:: PROVIDED DATA ::
####################

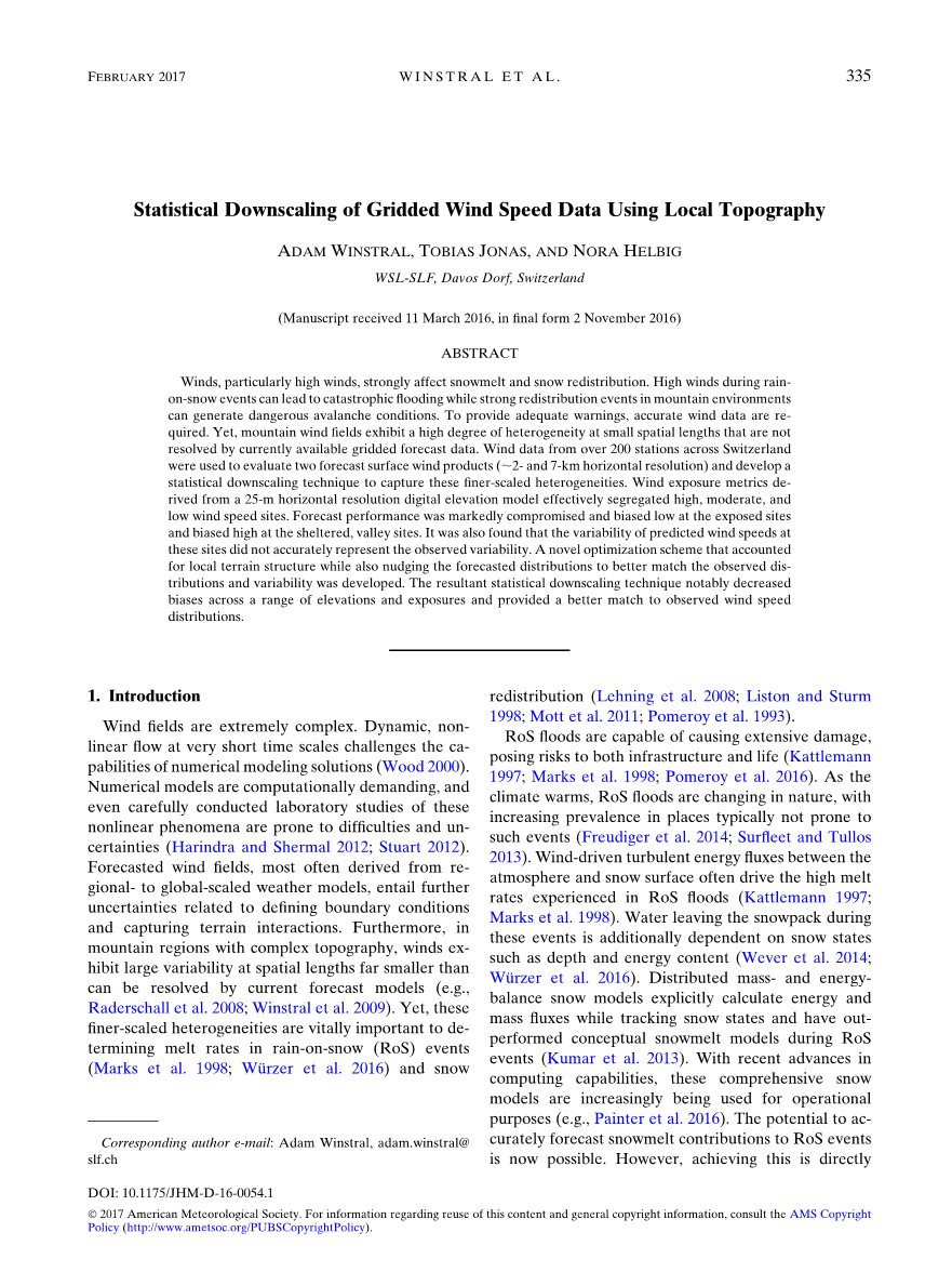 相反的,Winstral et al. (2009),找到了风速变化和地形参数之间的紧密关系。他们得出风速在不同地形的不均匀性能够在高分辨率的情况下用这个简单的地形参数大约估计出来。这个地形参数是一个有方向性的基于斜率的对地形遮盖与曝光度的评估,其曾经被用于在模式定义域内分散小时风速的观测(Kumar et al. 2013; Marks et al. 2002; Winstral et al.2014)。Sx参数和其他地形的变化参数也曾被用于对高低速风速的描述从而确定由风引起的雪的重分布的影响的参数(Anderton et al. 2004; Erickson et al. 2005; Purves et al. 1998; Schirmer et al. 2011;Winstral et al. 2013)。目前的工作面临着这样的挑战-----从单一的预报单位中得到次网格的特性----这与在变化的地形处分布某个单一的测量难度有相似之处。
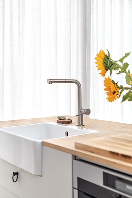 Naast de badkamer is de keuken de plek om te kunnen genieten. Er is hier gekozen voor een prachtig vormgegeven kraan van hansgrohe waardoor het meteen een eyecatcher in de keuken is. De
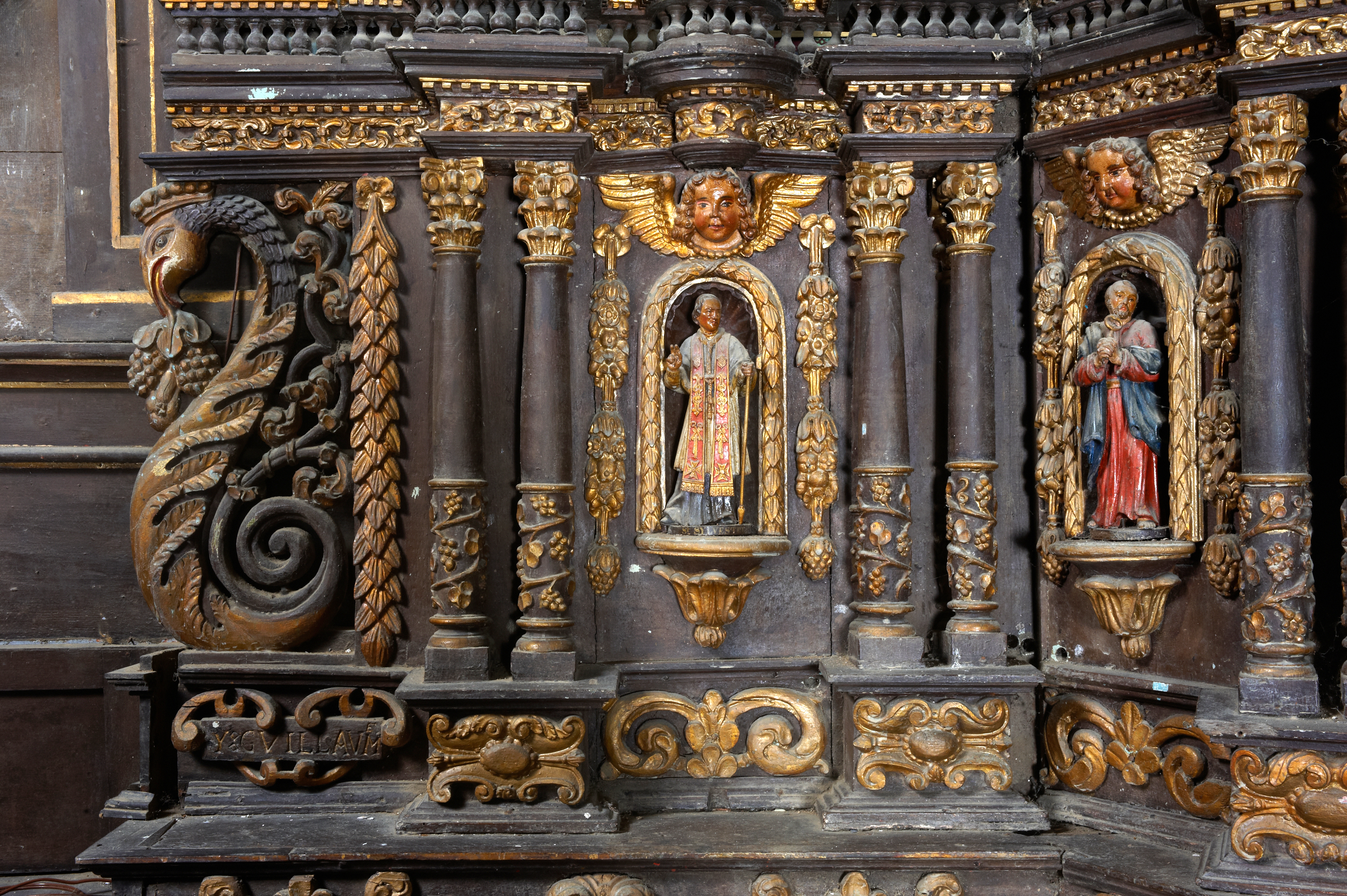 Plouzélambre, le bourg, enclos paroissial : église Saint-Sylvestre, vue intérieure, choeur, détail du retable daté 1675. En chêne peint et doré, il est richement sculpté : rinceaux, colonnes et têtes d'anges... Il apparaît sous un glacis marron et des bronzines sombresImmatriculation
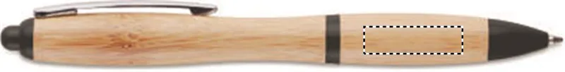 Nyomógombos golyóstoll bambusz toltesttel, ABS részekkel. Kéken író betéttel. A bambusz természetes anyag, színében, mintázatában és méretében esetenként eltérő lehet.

####################

:: EXERCISE ::
Reproduce each line above exactly, but not a single picture.

:: SOLUTION ::
 相反的,Winstral et al. (2009),找到了风速变化和地形参数之间的紧密关系。他们得出风速在不同地形的不均匀性能够在高分辨率的情况下用这个简单的地形参数大约估计出来。这个地形参数是一个有方向性的基于斜率的对地形遮盖与曝光度的评估,其曾经被用于在模式定义域内分散小时风速的观测(Kumar et al. 2013; Marks et al. 2002; Winstral et al.2014)。Sx参数和其他地形的变化参数也曾被用于对高低速风速的描述从而确定由风引起的雪的重分布的影响的参数(Anderton et al. 2004; Erickson et al. 2005; Purves et al. 1998; Schirmer et al. 2011;Winstral et al. 2013)。目前的工作面临着这样的挑战-----从单一的预报单位中得到次网格的特性----这与在变化的地形处分布某个单一的测量难度有相似之处。
 Naast de badkamer is de keuken de plek om te kunnen genieten. Er is hier gekozen voor een prachtig vormgegeven kraan van hansgrohe waardoor het meteen een eyecatcher in de keuken is. De
 Plouzélambre, le bourg, enclos paroissial : église Saint-Sylvestre, vue intérieure, choeur, détail du retable daté 1675. En chêne peint et doré, il est richement sculpté : rinceaux, colonnes et têtes d'anges... Il apparaît sous un glacis marron et des bronzines sombresImmatriculation
 Nyomógombos golyóstoll bambusz toltesttel, ABS részekkel. Kéken író betéttel. A bambusz természetes anyag, színében, mintázatában és méretében esetenként eltérő lehet.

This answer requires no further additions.